Problem description:
Word for word, write out the entries that follow, omitting all pictures.

Dataset records:
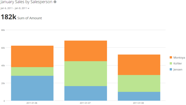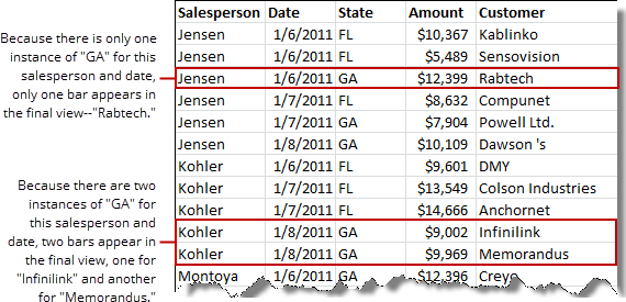 Suppose a company called “WidgetSoft” sells products to different companies located in Florida and Georgia. The following spreadsheet records the sales of the salespeople, “Jensen,” “Kohler,” and “Montoya,” over a period of three days in January, with the specific amounts and customers for each sale:
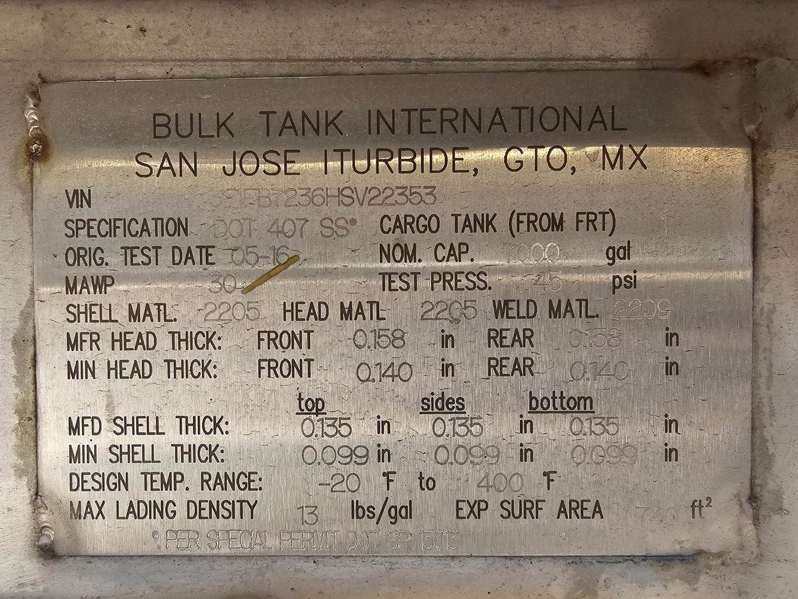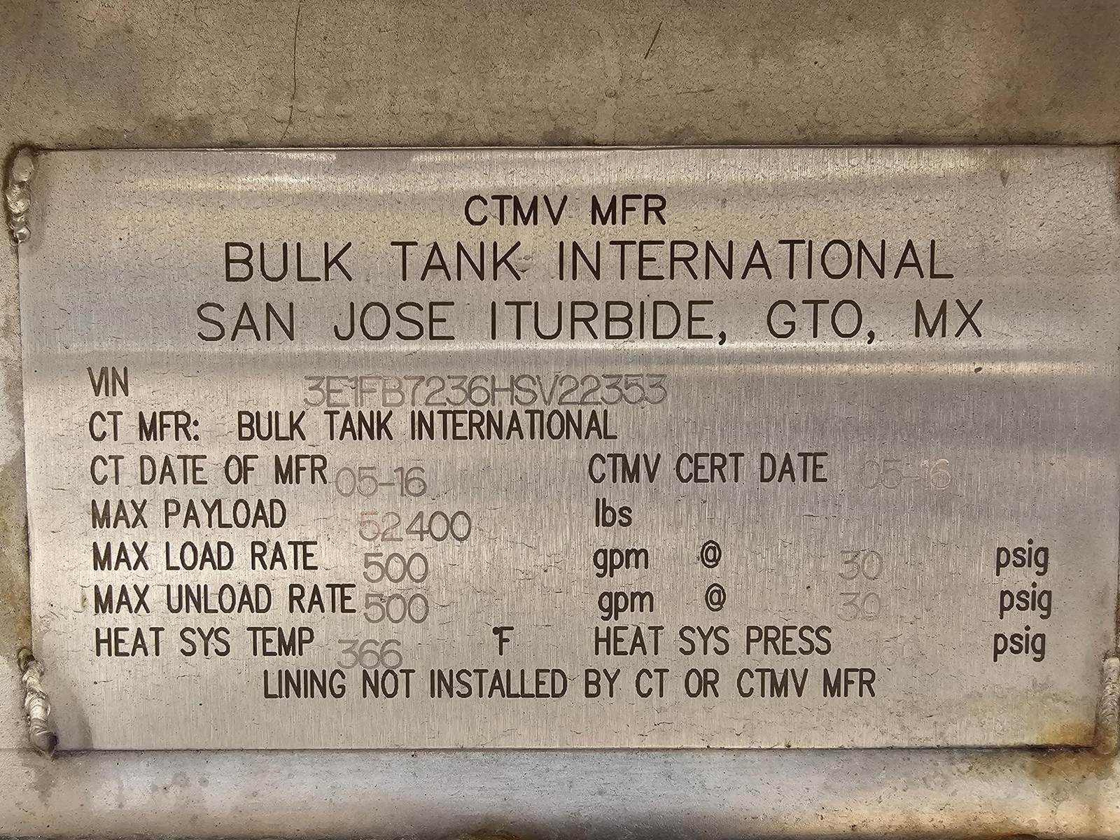 2016 BULK, -DOT 407, -316 STAINLESS STEEL, -7000 GALLON, -STRAIGHT ROUND SMOOTH BORE BARREL, -IN-TRANSIT HEAT, -SINGLE COMPARTMENT, -REAR...
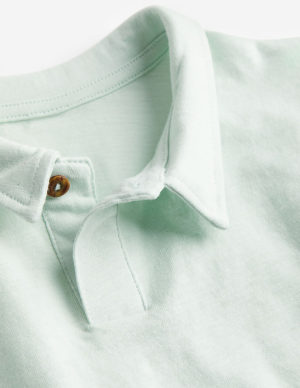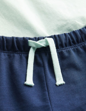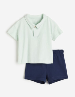 68 смМ’який бавовняний костюм з футболкою і шортами. Футболка з класичним коміром на ґудзику, спущена лінія плечового шва та короткі рукава. Шорти виготовлені із легкої світшотної тканини та мають еластичний пояс зі шнурком на талії
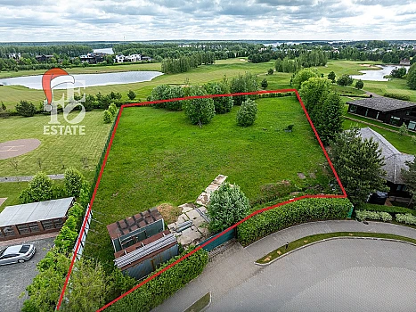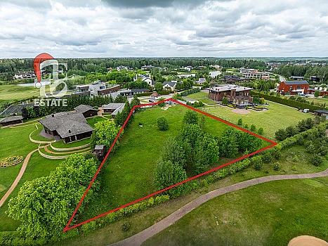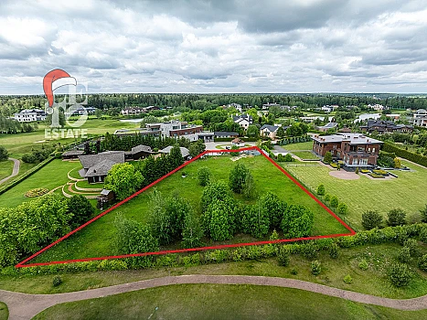 Ровный участок в элитном коттеджном поселке. Тупиковая зона поселка, один сосед. По периметру растут взрослые ели. На участке 2 постройки общей площадью 1400 кв.м. Центральные коммуникации заведены и функционируют. Электричество на участке 50 кВт.
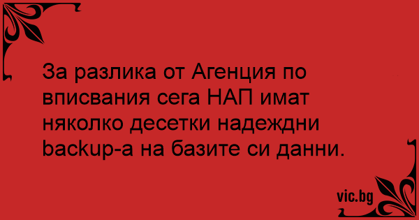 За разлика от Агенция по вписвания сега НАП имат няколко десетки надеждни backup-а на базите си данни.
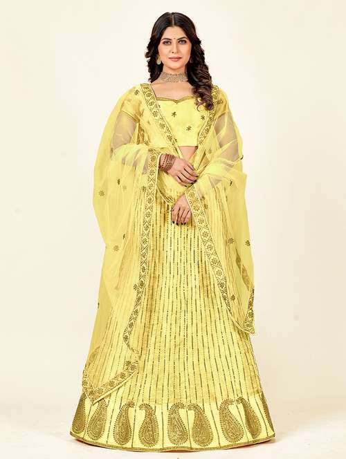 - » yellow sequin detailed flared lehenga

Response area:
 Suppose a company called “WidgetSoft” sells products to different companies located in Florida and Georgia. The following spreadsheet records the sales of the salespeople, “Jensen,” “Kohler,” and “Montoya,” over a period of three days in January, with the specific amounts and customers for each sale:
 2016 BULK, -DOT 407, -316 STAINLESS STEEL, -7000 GALLON, -STRAIGHT ROUND SMOOTH BORE BARREL, -IN-TRANSIT HEAT, -SINGLE COMPARTMENT, -REAR...
 68 смМ’який бавовняний костюм з футболкою і шортами. Футболка з класичним коміром на ґудзику, спущена лінія плечового шва та короткі рукава. Шорти виготовлені із легкої світшотної тканини та мають еластичний пояс зі шнурком на талії
 Ровный участок в элитном коттеджном поселке. Тупиковая зона поселка, один сосед. По периметру растут взрослые ели. На участке 2 постройки общей площадью 1400 кв.м. Центральные коммуникации заведены и функционируют. Электричество на участке 50 кВт.
 За разлика от Агенция по вписвания сега НАП имат няколко десетки надеждни backup-а на базите си данни.
 - » yellow sequin detailed flared lehenga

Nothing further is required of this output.